:: What is being asked ::
Return each line below exactly as it reads, and omit any image in it.

:: Input data ::
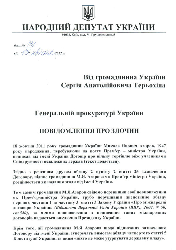 Народный депутат от «БЮТ-Батьківщини» Сергей Терехин обратился в Генеральную прокуратуру с сообщением о преступлении, совершенным премьер-министром Николаем Азаровым при подписании 18 октября 2011 года от имени Украины договора о свободной торговле со странами СНГ.
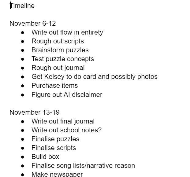 Before I get too far ahead of myself though, it’s time to actually write this stuff out. I try to write things out prose style but this time around things are still vague enough and there are so many details running through my head it’s not really working. So I opt to write out my very basic flow in point form to start so I can at least organize my thoughts. Since the narrative is largely being delivered through conversations on tape, the easiest thing to do is to organize the flow by those tapes. I started with point form…
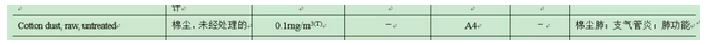 ACGIH的棉尘TLV是:未经处理的棉尘限值为0.1 mg/m3(可吸入颗粒物)。我国的棉尘标准为1 mg/m3(总尘)。限值差距10倍,在不清楚编制依据的情况下,推测我国的“棉尘”是包含了所有性状的棉尘。

:: Result ::
 Народный депутат от «БЮТ-Батьківщини» Сергей Терехин обратился в Генеральную прокуратуру с сообщением о преступлении, совершенным премьер-министром Николаем Азаровым при подписании 18 октября 2011 года от имени Украины договора о свободной торговле со странами СНГ.
 Before I get too far ahead of myself though, it’s time to actually write this stuff out. I try to write things out prose style but this time around things are still vague enough and there are so many details running through my head it’s not really working. So I opt to write out my very basic flow in point form to start so I can at least organize my thoughts. Since the narrative is largely being delivered through conversations on tape, the easiest thing to do is to organize the flow by those tapes. I started with point form…
 ACGIH的棉尘TLV是:未经处理的棉尘限值为0.1 mg/m3(可吸入颗粒物)。我国的棉尘标准为1 mg/m3(总尘)。限值差距10倍,在不清楚编制依据的情况下,推测我国的“棉尘”是包含了所有性状的棉尘。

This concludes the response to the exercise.